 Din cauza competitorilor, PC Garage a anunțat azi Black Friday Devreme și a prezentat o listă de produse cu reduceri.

#####

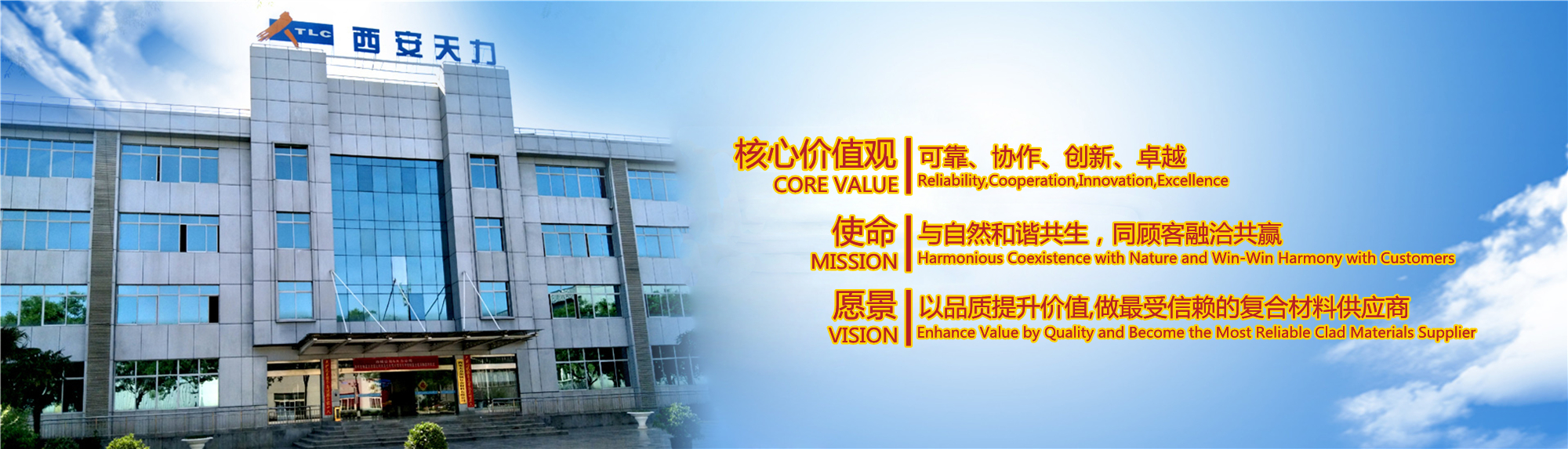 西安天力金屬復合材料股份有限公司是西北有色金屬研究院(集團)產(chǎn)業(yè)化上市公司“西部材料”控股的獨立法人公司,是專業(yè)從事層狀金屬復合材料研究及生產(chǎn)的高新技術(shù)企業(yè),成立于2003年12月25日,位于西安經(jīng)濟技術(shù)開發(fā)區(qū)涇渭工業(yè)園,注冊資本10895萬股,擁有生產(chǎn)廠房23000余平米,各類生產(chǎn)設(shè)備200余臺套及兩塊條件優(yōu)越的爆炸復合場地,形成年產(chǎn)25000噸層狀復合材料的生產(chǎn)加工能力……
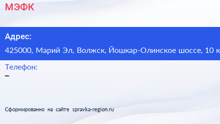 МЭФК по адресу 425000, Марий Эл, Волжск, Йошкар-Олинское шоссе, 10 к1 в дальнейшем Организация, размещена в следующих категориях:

#####

• _Problem to work on_: The copy should hold only the lines from the one with "西安天力金屬復合材料股份有限" through the one with "МЭФК по адресу", exactly as they stand above. Leave out the pictures.

• _Reply to the exercise_:
 西安天力金屬復合材料股份有限公司是西北有色金屬研究院(集團)產(chǎn)業(yè)化上市公司“西部材料”控股的獨立法人公司,是專業(yè)從事層狀金屬復合材料研究及生產(chǎn)的高新技術(shù)企業(yè),成立于2003年12月25日,位于西安經(jīng)濟技術(shù)開發(fā)區(qū)涇渭工業(yè)園,注冊資本10895萬股,擁有生產(chǎn)廠房23000余平米,各類生產(chǎn)設(shè)備200余臺套及兩塊條件優(yōu)越的爆炸復合場地,形成年產(chǎn)25000噸層狀復合材料的生產(chǎn)加工能力……
 МЭФК по адресу 425000, Марий Эл, Волжск, Йошкар-Олинское шоссе, 10 к1 в дальнейшем Организация, размещена в следующих категориях:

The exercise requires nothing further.